─── RECORDS TO PROCESS

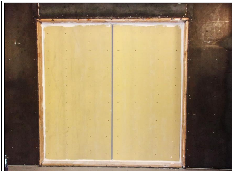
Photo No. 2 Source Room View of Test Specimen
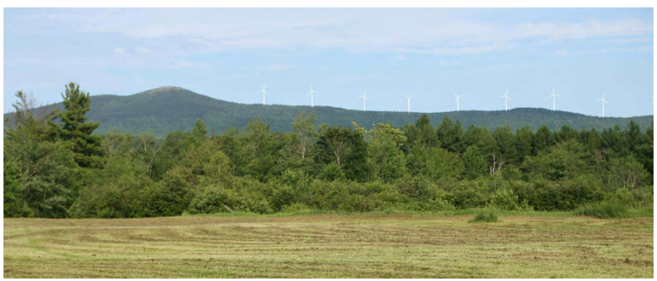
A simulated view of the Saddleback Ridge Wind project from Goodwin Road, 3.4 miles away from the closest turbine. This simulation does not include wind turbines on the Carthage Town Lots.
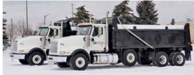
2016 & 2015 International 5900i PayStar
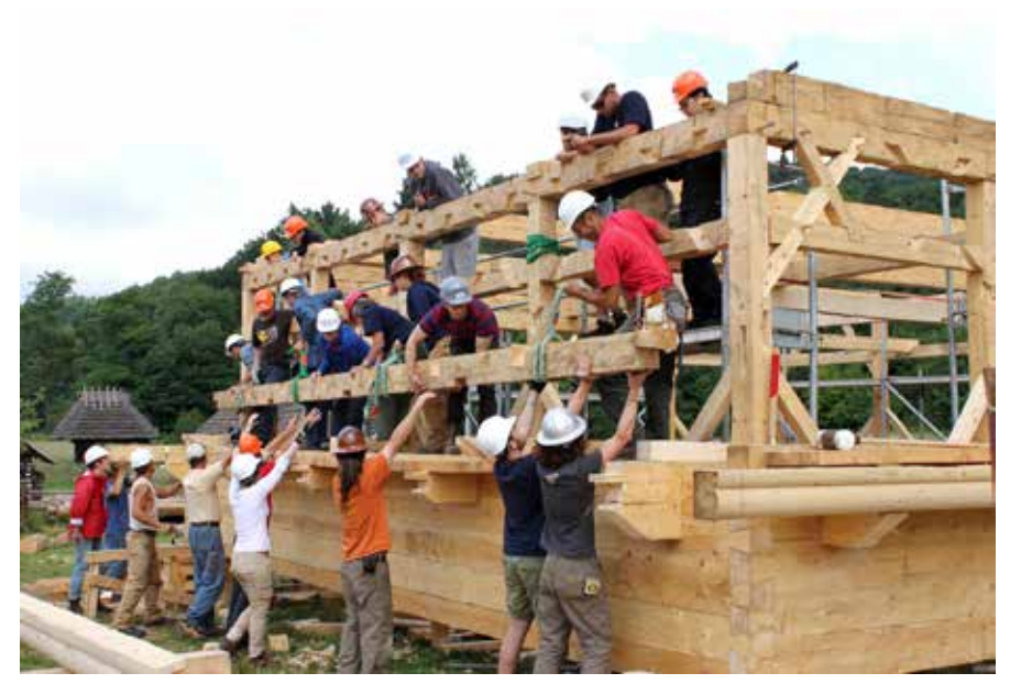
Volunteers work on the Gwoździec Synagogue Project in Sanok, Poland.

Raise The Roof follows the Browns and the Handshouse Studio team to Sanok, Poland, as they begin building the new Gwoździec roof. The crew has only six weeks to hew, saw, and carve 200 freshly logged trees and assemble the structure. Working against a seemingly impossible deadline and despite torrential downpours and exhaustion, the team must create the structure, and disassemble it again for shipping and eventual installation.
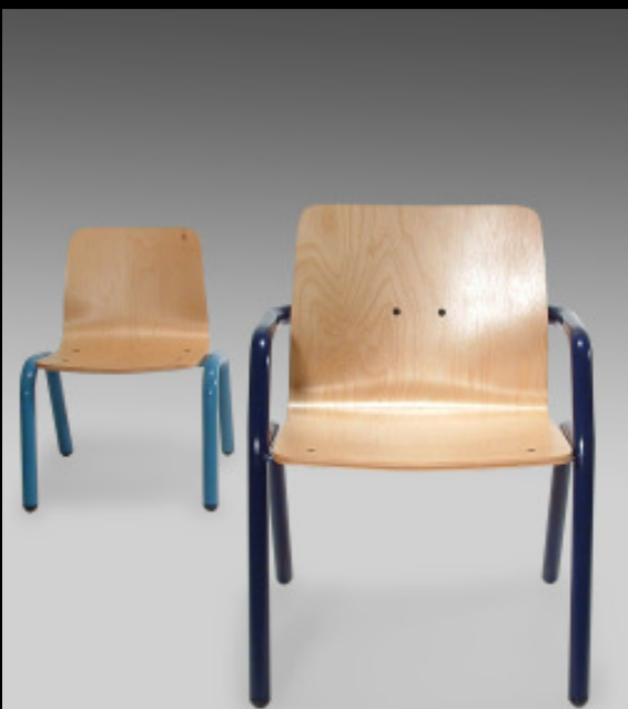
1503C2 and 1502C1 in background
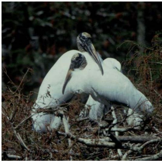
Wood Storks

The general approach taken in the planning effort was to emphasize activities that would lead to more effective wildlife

──────
─── RECORDS TO PROCESS

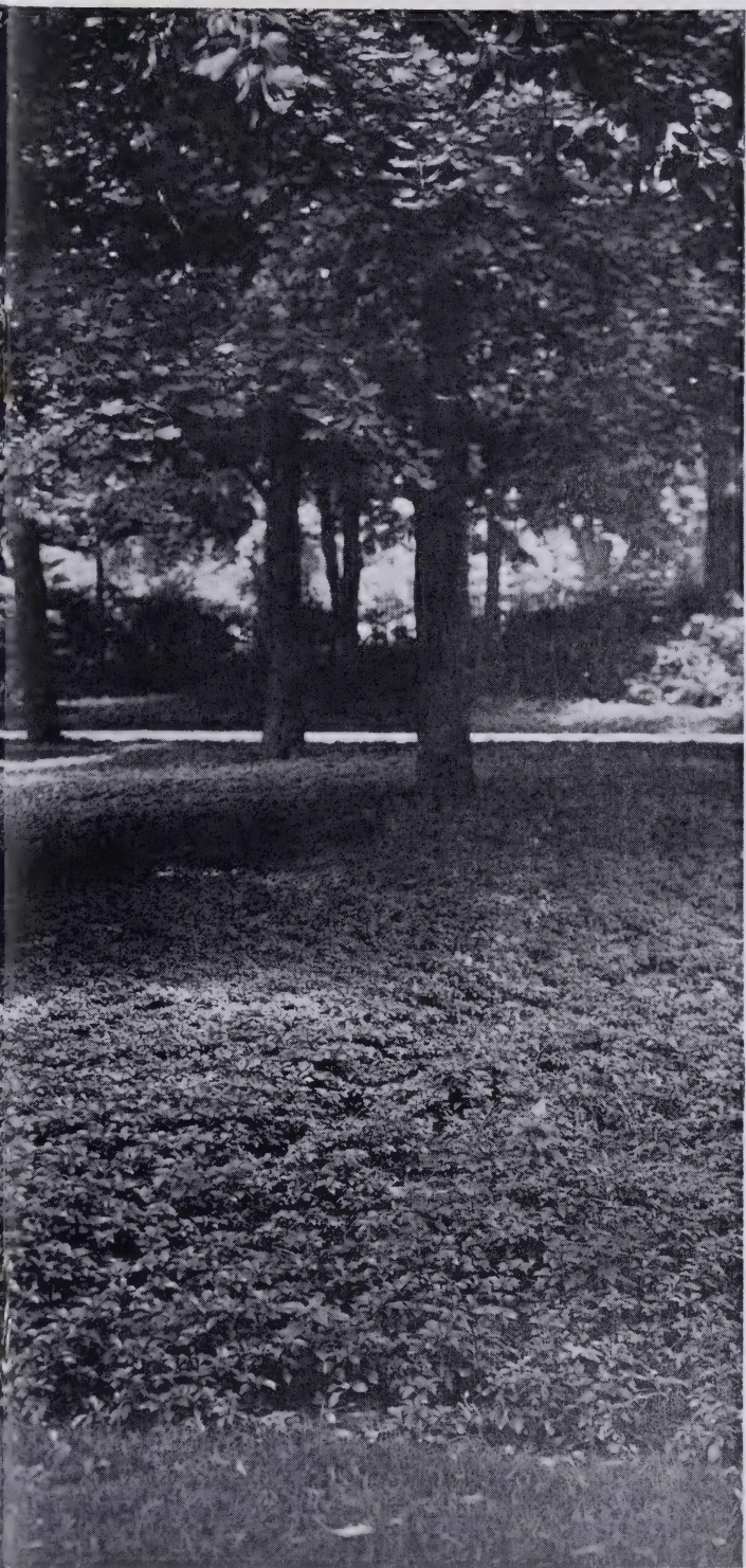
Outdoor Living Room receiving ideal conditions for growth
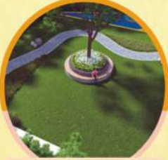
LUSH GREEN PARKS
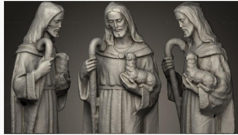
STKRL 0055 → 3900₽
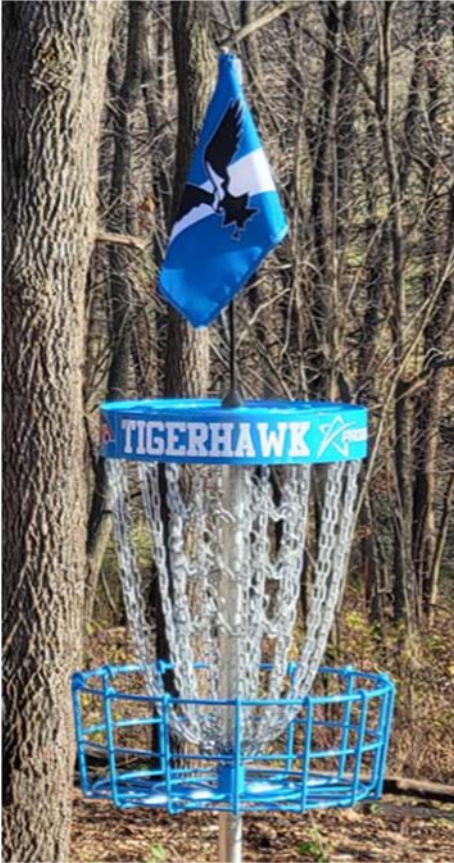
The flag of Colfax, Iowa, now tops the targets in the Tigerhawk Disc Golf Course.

──────

- TASK OBJECTIVE: Look above for the line with "Photo No. 2 Source Room View of Test Specimen" and copy exactly from it through the line with "Wood Storks", both included. Omit the pictures.

- ANSWER BOX:
Photo No. 2 Source Room View of Test Specimen
A simulated view of the Saddleback Ridge Wind project from Goodwin Road, 3.4 miles away from the closest turbine. This simulation does not include wind turbines on the Carthage Town Lots.
2016 & 2015 International 5900i PayStar
Volunteers work on the Gwoździec Synagogue Project in Sanok, Poland.

Raise The Roof follows the Browns and the Handshouse Studio team to Sanok, Poland, as they begin building the new Gwoździec roof. The crew has only six weeks to hew, saw, and carve 200 freshly logged trees and assemble the structure. Working against a seemingly impossible deadline and despite torrential downpours and exhaustion, the team must create the structure, and disassemble it again for shipping and eventual installation.
1503C2 and 1502C1 in background
Wood Storks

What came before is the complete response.